An exact copy of every entry is needed, with the images left out.

* [Input for this task]:
== Segment start ==
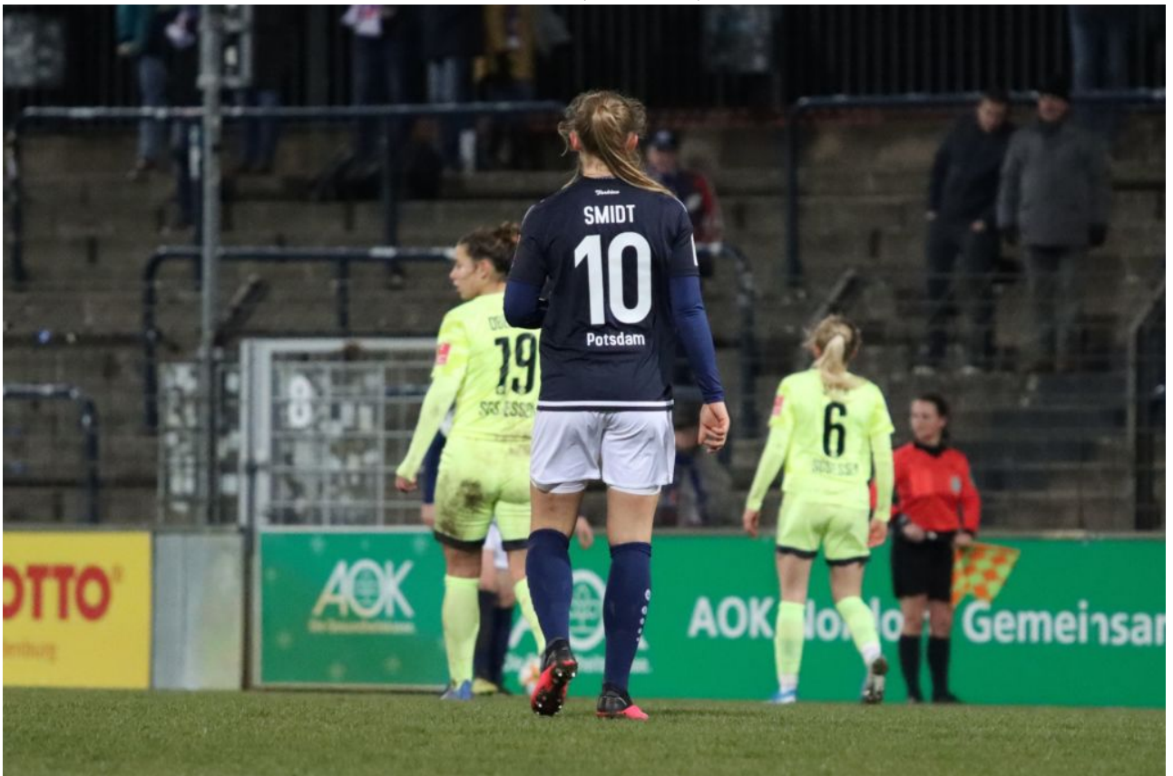
• Nach 17 langen Monaten der erste Auftritt
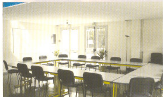
Salle de réunions. Sitzungssaal. Meetingsroom.

Le logis des jeunes, au cœur du complexe sportif, avec 12 studios 4 personnes, au confort simple et propre. Cafétéria, self-service pour les repas sportifs, salle de jeux, salle de télévision et salle de conférences pour les soirées débats organisées sur les thèmes du "sport".
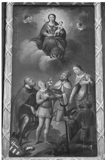
1. kép: István király és a szent magyarság országfelajánlása Szűz Máriának, Boldogasszonyunknak Nógrád község templomában

letése ünnepén bekövetkezett hősi halálával pártfogolta, szolgálta. Gróf Esterházy Miklós nádor a hazaszere-
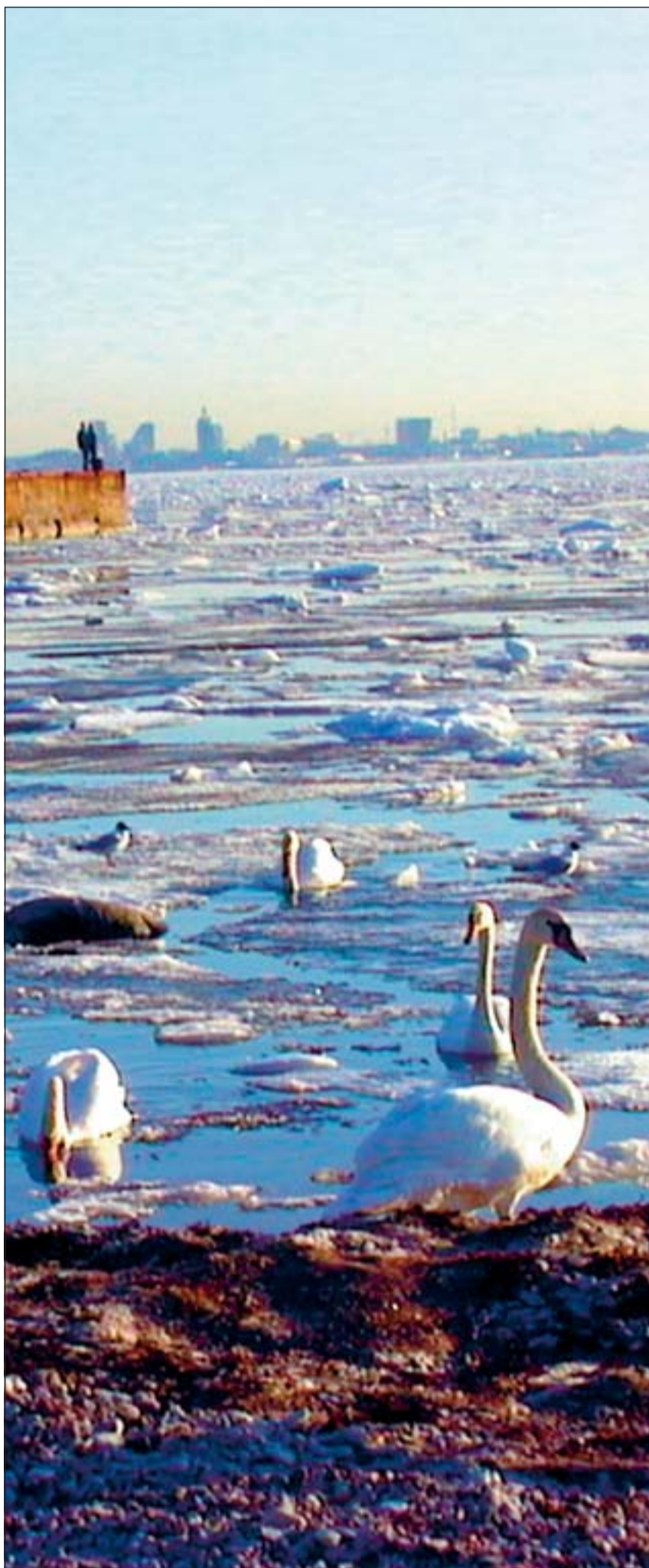
Kevadel on üks kindel stressimaandaja jalutuskäik mere äärde. Kai Maran

Risk suureneb pikaajalise stressi all kannatava ja alkoholiga liialdava
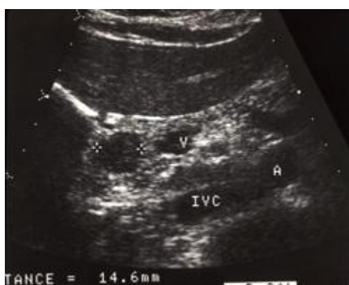
Slika 1. Preoperativni ultrazvučni nalaz inzulinoma (8)

Na slici 1 možemo vidjeti ultrazvučni nalaz inzulinoma. Tumor se nalazi između dviju oznaka zvjezdice (*), te mjeri 14.6 mm u glavi pankreasa. Na slici su još vidljive portalna vena (V), donja šuplja vena (IVC) te aorta (A). (8)
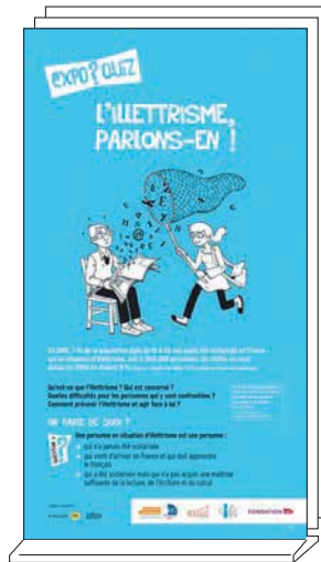
Expo-quiz® de 5 kakémonos
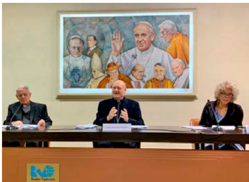
El Padre Federico Lombardi, presidente de la Fundación Pontificia Joseph Ratzinger, realizó el anuncio en una rueda de prensa que se realizó en la Sala Marconi de Radio Vaticano.

giraría en torno al pensamiento teológico de Ratzinger-Benedicto XVI. Esperamos que la pandemia u otras dificultades no nos impidan llevar a cabo este hermoso proyecto”, dijo el padre Lombardi.
== Segment end ==
* [The answer]:
• Nach 17 langen Monaten der erste Auftritt
Salle de réunions. Sitzungssaal. Meetingsroom.

Le logis des jeunes, au cœur du complexe sportif, avec 12 studios 4 personnes, au confort simple et propre. Cafétéria, self-service pour les repas sportifs, salle de jeux, salle de télévision et salle de conférences pour les soirées débats organisées sur les thèmes du "sport".
1. kép: István király és a szent magyarság országfelajánlása Szűz Máriának, Boldogasszonyunknak Nógrád község templomában

letése ünnepén bekövetkezett hősi halálával pártfogolta, szolgálta. Gróf Esterházy Miklós nádor a hazaszere-
Kevadel on üks kindel stressimaandaja jalutuskäik mere äärde. Kai Maran

Risk suureneb pikaajalise stressi all kannatava ja alkoholiga liialdava
Slika 1. Preoperativni ultrazvučni nalaz inzulinoma (8)

Na slici 1 možemo vidjeti ultrazvučni nalaz inzulinoma. Tumor se nalazi između dviju oznaka zvjezdice (*), te mjeri 14.6 mm u glavi pankreasa. Na slici su još vidljive portalna vena (V), donja šuplja vena (IVC) te aorta (A). (8)
Expo-quiz® de 5 kakémonos
El Padre Federico Lombardi, presidente de la Fundación Pontificia Joseph Ratzinger, realizó el anuncio en una rueda de prensa que se realizó en la Sala Marconi de Radio Vaticano.

giraría en torno al pensamiento teológico de Ratzinger-Benedicto XVI. Esperamos que la pandemia u otras dificultades no nos impidan llevar a cabo este hermoso proyecto”, dijo el padre Lombardi.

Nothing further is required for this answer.